* Action item:
Exactly as written, write out the lines below from the first to the one containing "These never-before-seen baseball", inclusive. Pictures do not belong in the copy.

* Stored data:

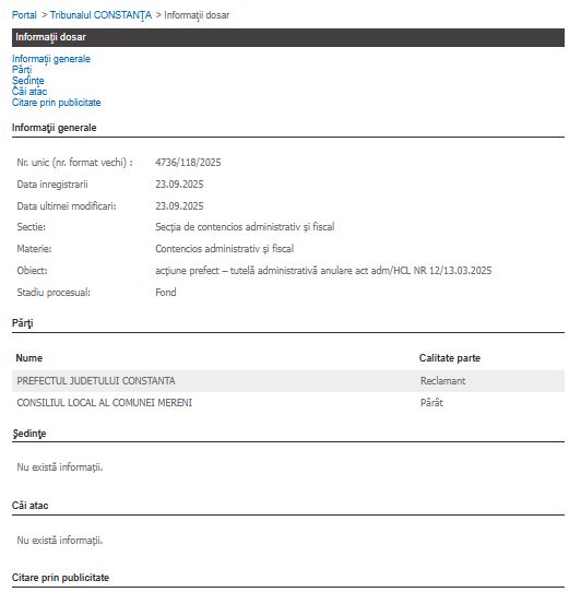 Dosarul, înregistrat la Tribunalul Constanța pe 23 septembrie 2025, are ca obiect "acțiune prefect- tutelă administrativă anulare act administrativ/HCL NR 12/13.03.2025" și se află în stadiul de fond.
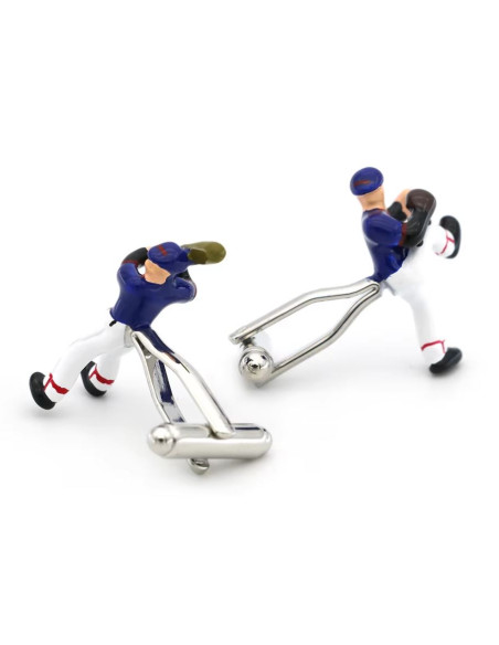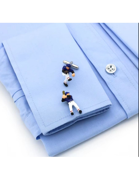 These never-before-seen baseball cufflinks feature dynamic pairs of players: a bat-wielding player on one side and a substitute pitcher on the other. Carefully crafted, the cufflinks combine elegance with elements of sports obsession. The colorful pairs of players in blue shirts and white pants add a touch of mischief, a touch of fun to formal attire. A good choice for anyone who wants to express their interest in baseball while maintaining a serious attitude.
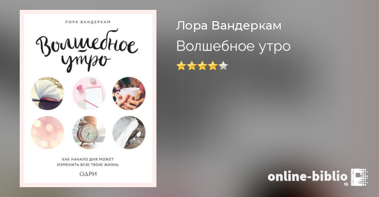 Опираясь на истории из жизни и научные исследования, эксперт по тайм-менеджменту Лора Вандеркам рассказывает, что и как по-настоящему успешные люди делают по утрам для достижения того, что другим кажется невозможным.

* Answer box:
 Dosarul, înregistrat la Tribunalul Constanța pe 23 septembrie 2025, are ca obiect "acțiune prefect- tutelă administrativă anulare act administrativ/HCL NR 12/13.03.2025" și se află în stadiul de fond.
 These never-before-seen baseball cufflinks feature dynamic pairs of players: a bat-wielding player on one side and a substitute pitcher on the other. Carefully crafted, the cufflinks combine elegance with elements of sports obsession. The colorful pairs of players in blue shirts and white pants add a touch of mischief, a touch of fun to formal attire. A good choice for anyone who wants to express their interest in baseball while maintaining a serious attitude.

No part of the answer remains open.